Hey there, time traveller! This article was published 14/1/2013 (1830 days ago), so information in it may no longer be current.
AKRON, Ohio — When Margaret-Gail Ruhl's children moved out of the house, the single mom got lonely.
Cats and dogs provided some companionship, but not enough.
So Ruhl bought a Japanese snow monkey from a dealer. Seventeen years later, she still has Barbara, a 28-pound, hairy primate who lives in a cage outside her Boston Township, Ohio, home.
"She thinks I'm her mom," Ruhl, 67, said as she knelt near the cage and Barbara grabbed her hand. "I'm sorry if that's offensive to some people. But look at how some people feel about their dogs."
Ruhl is one of 153 owners — not counting accredited zoos and wildlife sanctuaries — who have registered about 460 animals with the Ohio Department of Agriculture under the new Ohio Dangerous Wild Animal Act. The Beacon Journal obtained a statewide database listing every owner and animal through a public records request.

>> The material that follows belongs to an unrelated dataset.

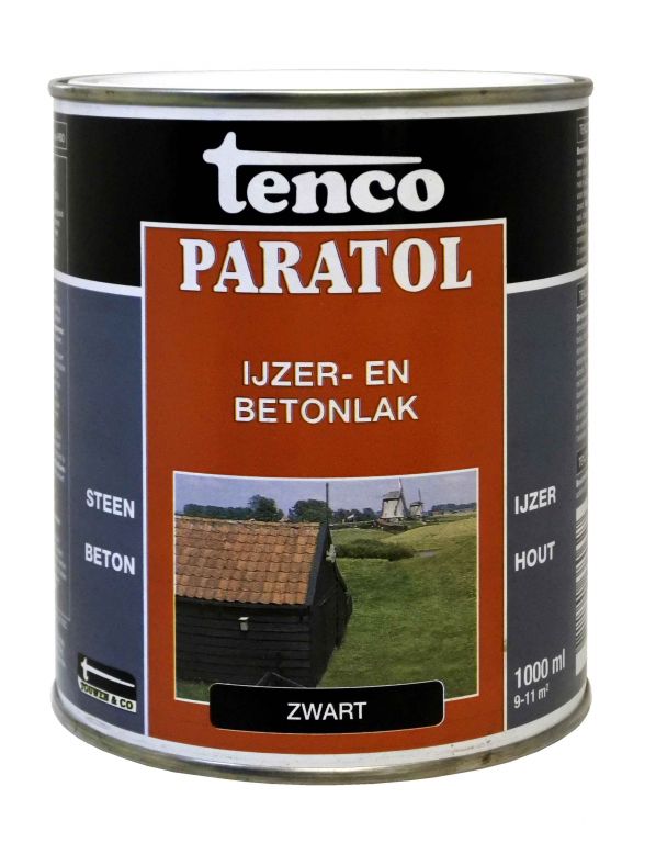 Tenco Paratol is een sneldrogende zwarte lak, het hecht direct op oude teer- en opgeruwde verflagen, ijzer, hout, steen en beton. Paratol is tevens een beproefd beschermingsmiddel voor metselwerk en betonnen funderingen die niet in contact komen met direct daglicht. Paratol is zuur- en alkalibestendig, is eenvoudig aan te brengen en gemakkelijk te onderhouden. Paratol is beperkt zonlichtbestendig, voor toepassingen in het volle zonlicht adviseren wij u gebruik te maken van de Tenco Houtcoat zwart of Tenco IJzercoat zwart.

Monkeys and big cats are the most popular exotic animals. There are 181 primates. All kinds of primates. Marmosets. Baboons. Lemurs. Chimpanzees. White-faced Capuchins. Black-capped Capuchins.
As for the felines, there are 151, including Siberian tigers, African lions, servals, bobcats and cougars.
There also are plenty of bears, alligators, crocodiles and even two spotted hyenas owned by private citizens, businesses and research groups. In the Akron area, there are 64 animals registered, including 13 tigers and three lions.
The registrations are required under a state law that went into effect in the fall and shines a light on the previously unregulated issue of exotic animal and snake ownership.
The law followed outcry in October 2011 when authorities shot to death nearly 50 tigers, lions, bears, wolves and a baboon after their owner let them loose near Zanesville and then killed himself. The incident garnered national attention and exposed the fact Ohio had no oversight regarding owning exotic animals or dangerous snakes.
The Humane Society of the United States said in the March 2012 report Ohio's Fatal Attractions that Ohio was "one of fewer than 10 states with virtually no regulation of private ownership of dangerous wild animals."
The new law regulates everything from elephants to alligators. It requires private owners to implant a microchip in the animals, have liability insurance and, beginning in 2014, apply for an annual permit. The state also is working on rules overseeing the living conditions of the animals.
Most of the animals live in rural areas. That's not surprising given that many cities and villages bar exotic pets.
Outside of accredited zoos, Cyndi Huntsman of Perry Township in Stark County owns the most exotic animals in the state. Huntsman, who runs the Stump Hill Farm, has 34, including eight Bengal tigers and two Siberian tigers. (She also oversees the Massillon Tigers football mascot, Obie.)
Animal owners aren't happy with the law, said Ruhl, who owns a pony, three cats and chickens, in addition to Barbara the snow monkey. She was so upset, she wrote on her state application she would move out of Ohio before giving up her pet.
"Other than her, I'm all alone," Ruhl said.
She once had two snow monkeys, but the male started attacking her. Ruhl eventually shot the monkey with a rifle, she said through tears.
"The problem here is the law is made up by people who don't want people to have any animals," she said, although she acknowledged some restrictions are needed.
Many of the people who own exotic animals shun publicity. Many declined to comment or even respond when contacted by the Beacon Journal.
One owner, who didn't want to participate in this story, said exotic animal owners can be quirky and like their privacy. He also suspects there are at least twice as many animals in Ohio than are registered.
"We feel there are likely dangerous wild-animal owners that did not register," state agriculture spokeswoman Erica Hawkins said. "Owners had a choice to comply with the new regulations, and we know it is unlikely that everyone chose to comply."
Portage County Sheriff David Doak said he knows a couple of wild-animal owners in the county, including a woman with two tigers and a lion. He said he has been to her house and they seem well cared for and appropriately caged.